Room:
Facilitator:
Presenter:
Abstract:
An increasing number of biopharmaceuticals patents are expiring and we can expect more and more copies of these drugs to be brought to the market across Europe. The list includes erythropoietins, gonadotropins, granulocyte colony-stimulating factors (G-CSFs), human growth hormones, human insulins, interferons and in the near future monoclonal antibodies.
In contrast to "standard" small-molecule chemical drugs, biopharmaceuticals are considerably larger and more complex molecules, more difficult to characterize and produced from living organisms. Due to their complexity and to the inherent variability of biopharmaceutical manufacturing, the generic pathway for regulatory approval cannot be used for biosimilars and specific regulations were made for their development. Biopharmaceuticals are created via a unique process whereby microbial cells are cultured in various types of bioreactors to produce proteins which are very sensitive to the production conditions. Even the most minor change in manufacture could have a major impact on biological activity and safety, as was observed with the emergence of pure red cell aplasia after a modification of formulation of an original epoetin alfa. Thus, biosimilars are unique molecules and are not generic versions of the innovator biopharmaceuticals.
Another key point is about the therapeutic equivalence of these drugs, which is an important consideration in decisions about substitution and exchangeability. Nearly all European countries have rules against automatic substitution with biosimilars for reasons of traceability. Therefore, given that biosimilar products are not generic products, a switch from filgrastim or epoetin alfa to a biosimilar is considered a change in clinical management and should be done only under the guidance of a responsible clinician.
In conclusion, it is important to be attentive to the arrival of biosimilars, to inform physicians about changes in internal referencing, avoiding substitutions and to be careful in switching biopharmaceuticals in individual patients.

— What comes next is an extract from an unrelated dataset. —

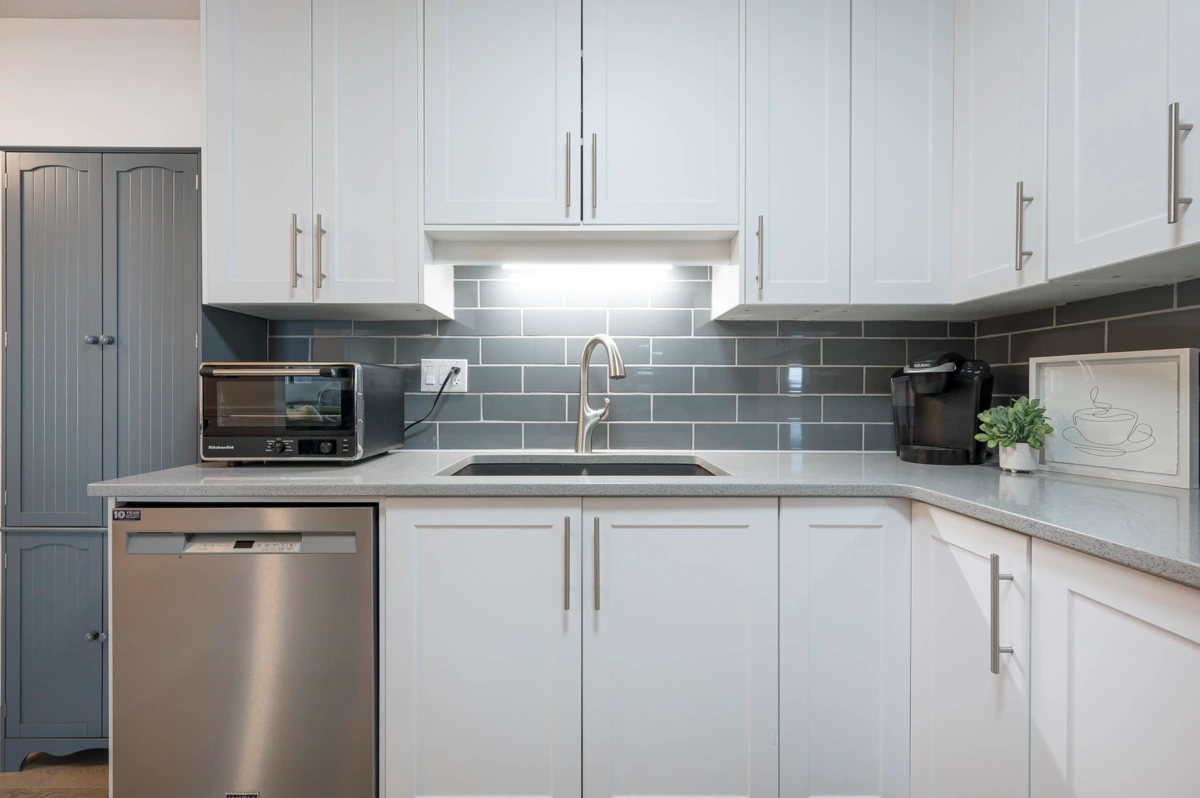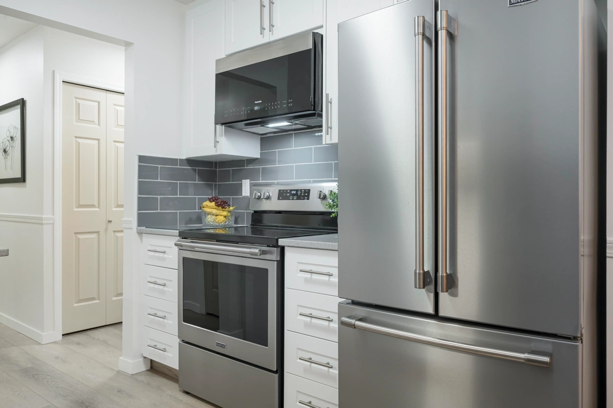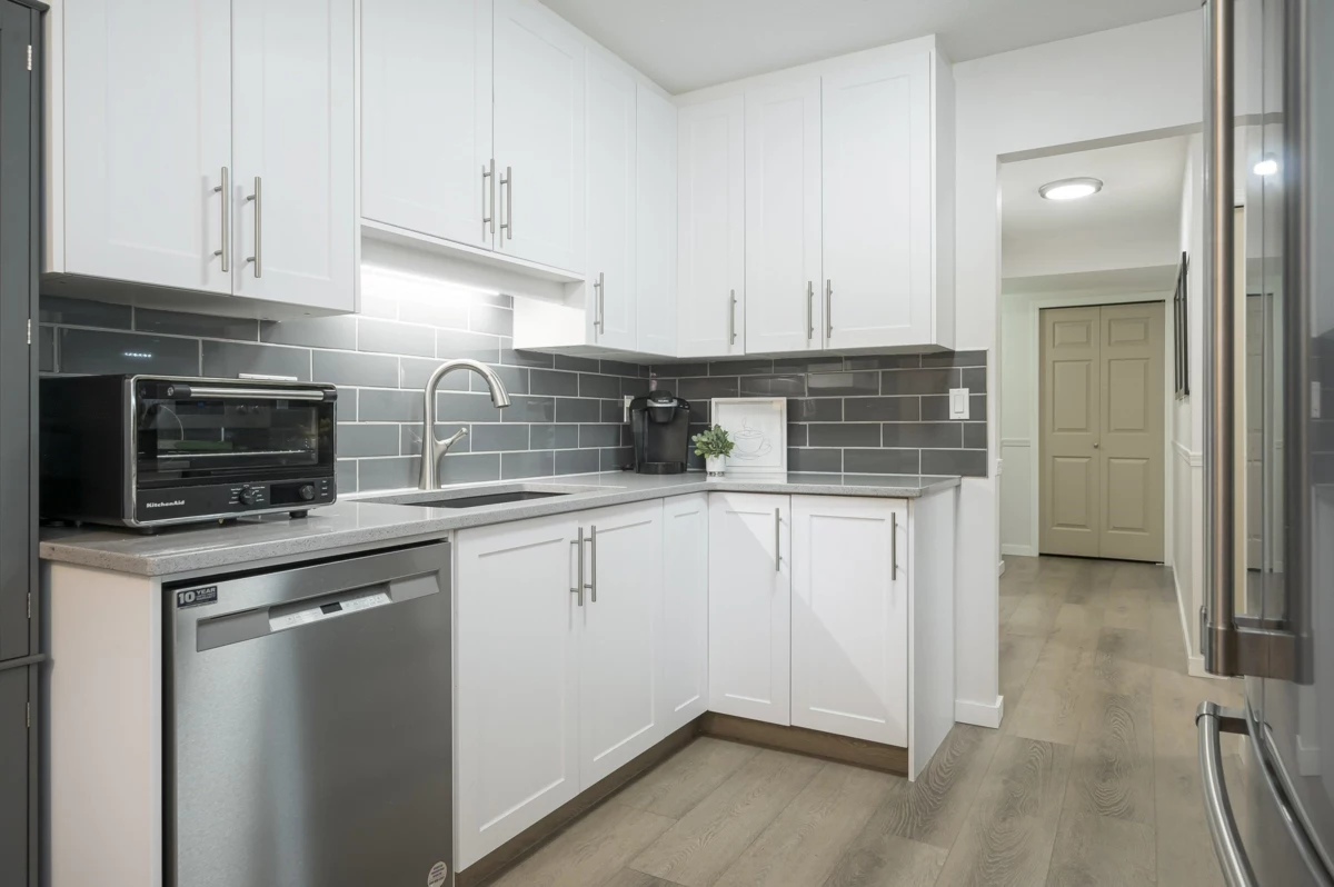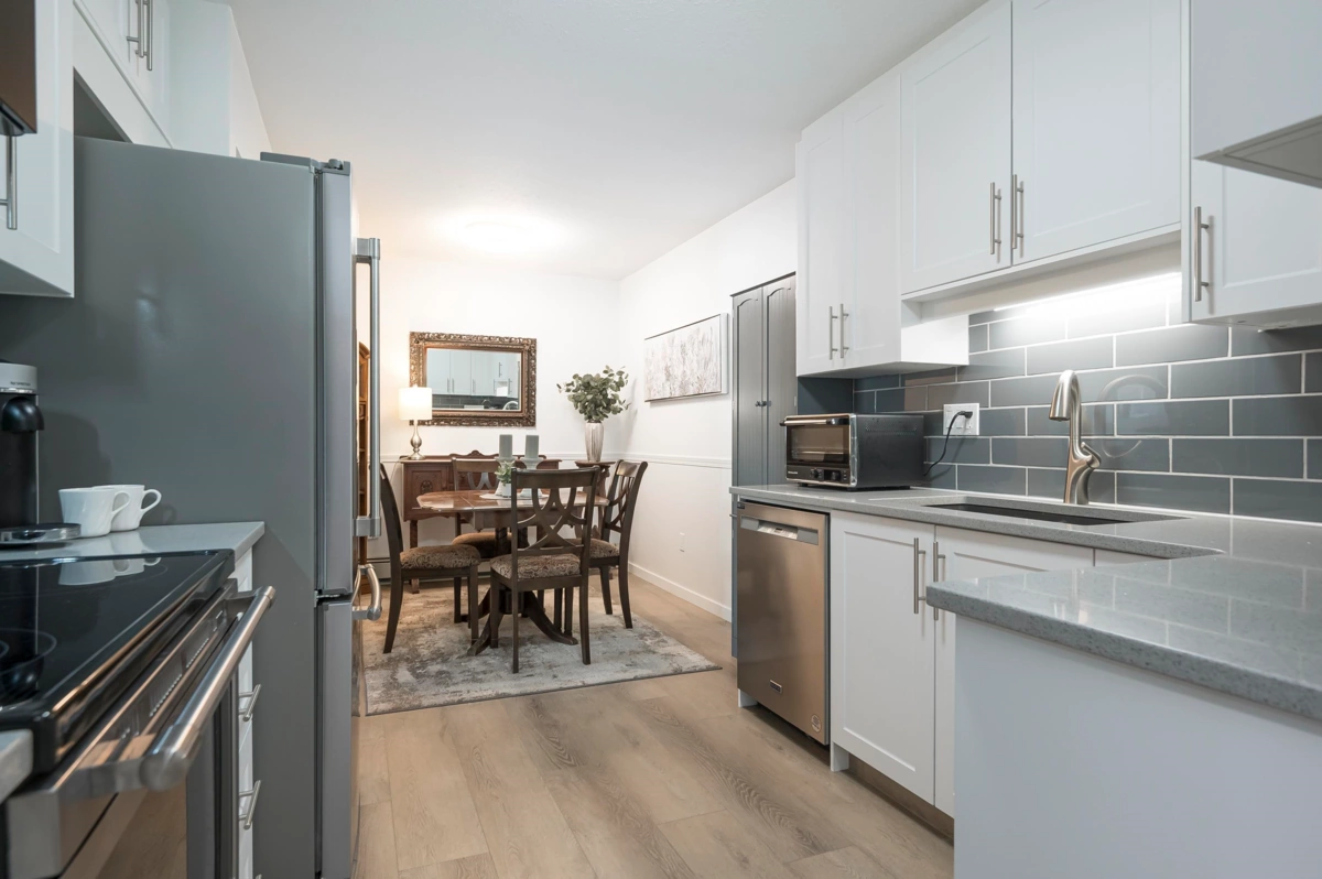 Beautifully renovated 2-bedroom, 2-bathroom condo in the desirable 55+ Park Place community. Updated kitchen features stainless steel appliances, quartz counters, white cabinets, & modern backsplash. Quality wide-plank style flooring throughout the kitchen & living areas. Enjoy a full dining room plus a bright living room w/ sliding door access to the peaceful, raised balcony. Large primary bedroom suite w/ walk-in closet & modern 3pc ensuite w/ glass shower. Updated 4pc main bath & newer side-by-side washer & dryer. Well-managed building w/ outstanding amenities: indoor pool, hot tub, sauna, guest suite, games room w/ fitness area, & workshop. Prime location just a short walk to grocery stores, Sevenoaks Mall, restaurants, cafes, & Mill Lake. Storage locker & secure underground parking.

As key stakeholders in assessing and selecting drugs for in-hospital use, hospital pharmacists need 1) to have particular awareness of the efficacy and safety when biosimilars are used and 2) to improve their knowledge about biosimilars, from a regulatory, manufacturing and clinical point of view.
Teaching goals:
• to explain the differences between generics, biosimilars and innovative drugs from a regulatory point-of-view
• to explain the manufacturing complexity of biopharmaceutical drugs and how biosimilars are developed
• to explain the issues surrounding substitution and interchangeability of biosimilars
Learning objectives:
After the presentation the participant should:
• understand the differences between innovative drugs, classic generics and biosimilars.
• To be aware of the manufacturing process of biopharmaceutical drugs and its implications
• to understand the clinical implications of biosimilars in daily practice.